Chromecast in the real world: six casting workflows

For such a simple device, Google’s Chromecast has created a surprisingly complex network of technology at my place.

Google says that Chromecast works roughly like this:

Chromecast Google view

Actually it’s more complicated than that. My setup is about as simple as you can get (no NAS, no existing media servers, no Netflix or Hulu or Foxtel or anything), and it looks like this:


Chromecast in the real world

Chromecast in the real world. Not so simple, really.


Six casting workflows

That is, depending on what exactly I want to watch and how, I have to choose between 6 different workflows:

  1. YouTube? Just go to the YouTube website in Chrome, and click the Chromecast button in the video window. This works really well. Great for music playlists, too.
  2. iView or SBS? Go to the site, and use the Google Cast extension to “TabCast”. This works so-so. It’s great for randomly showing something funny you found on the web, though.
  3. Movies you’ve downloaded? Use the VideoStream Chrome app to load it directly off disk. This works perfectly.
  4. Movies in your Plex library? Use the Plex web interface. For some reason you have to go through, and the whole experience is a bit complicated. There are some issues with transcoding that I don’t really understand.
  5. Vimeo? Plex to the rescue. Add Vimeo as a channel (a slightly complicated procedure to view your own uploads).
  6. Want to watch something without using your computer? There’s only a couple of “Google Cast ready Android apps” (YouTube is the only one that works well for me), or use BubbleUPnP to access your Plex library.

And I haven’t even mentioned a couple more complications:

My advice? Figure out the smallest number of workflows to do everything you want to do, and get rid of any extraneous apps, servers, websites etc.

Google’s world

Google’s world centres around casting stuff from your phone. If that was all you could do, the Chromecast would suck. There are few apps, a lot of them are very niche (eg, anime or baseball), junk (like this) or just don’t really work (like the Red Bull app, which drops out every few minutes).
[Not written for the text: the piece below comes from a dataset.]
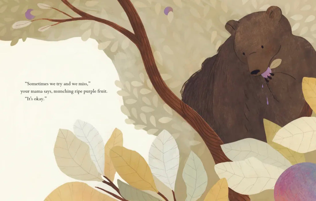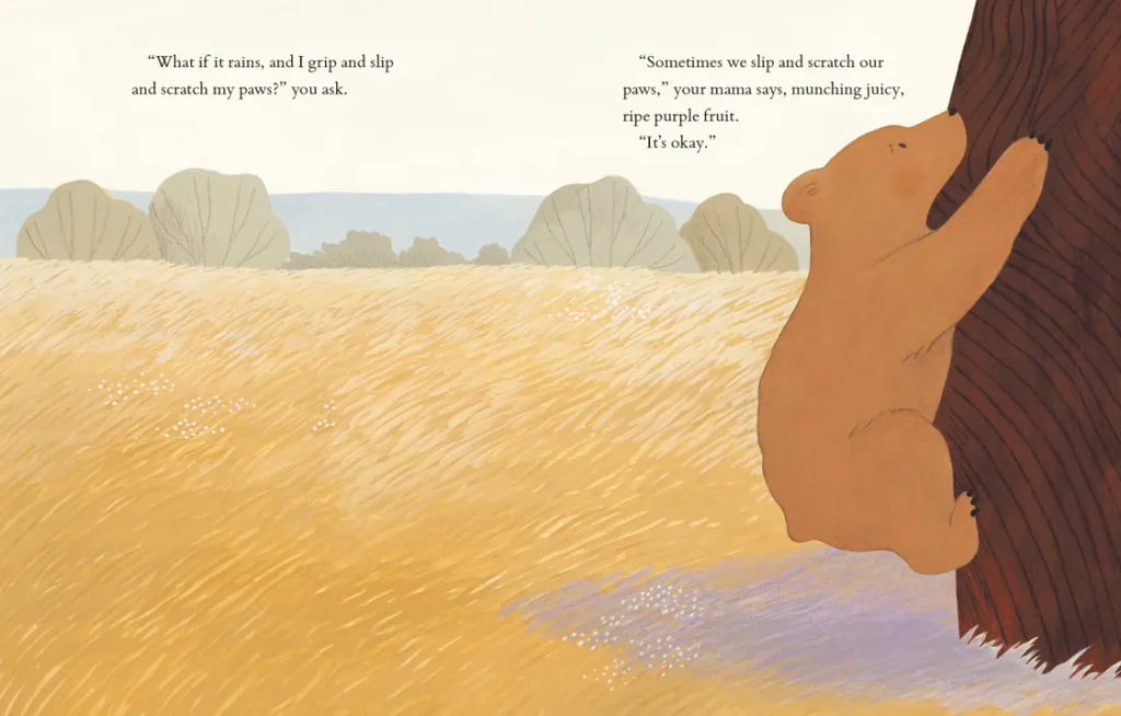 Sometimes you want to eat a juicy red plum at the top of a tree, but it seems so hard. What if you start the climb and a strong wind blows and the tree shakes? What if it rains and you slip and FALL? But those  sweet-smelling, juicy, ripe purple plums up there look so tasty, and best of all, Mama is waiting for you with words of encouragement. . . .

Fortunately, third party tools like VideoStream and Plex fill in a lot of the gaps.

But does it work?

The end result is actually great. Compared to having to plug my laptop into the TV, these things are now easy and fun:

  • Put on some background music: go to YouTube, Pandora or GrooveShark, and cast. No more hooking up audio cables.
  • Show a silly video to my partner. Even from the other room. Stuff I previously wouldn’t have bothered with, but it’s so easy – the TV even turns on by itself.
  • Keep watching a video while doing something else. Easy to leave my study, keep watching the same thing while making coffee or something.
  • Show photos: Just go to Google Plus or Flickr, and cast.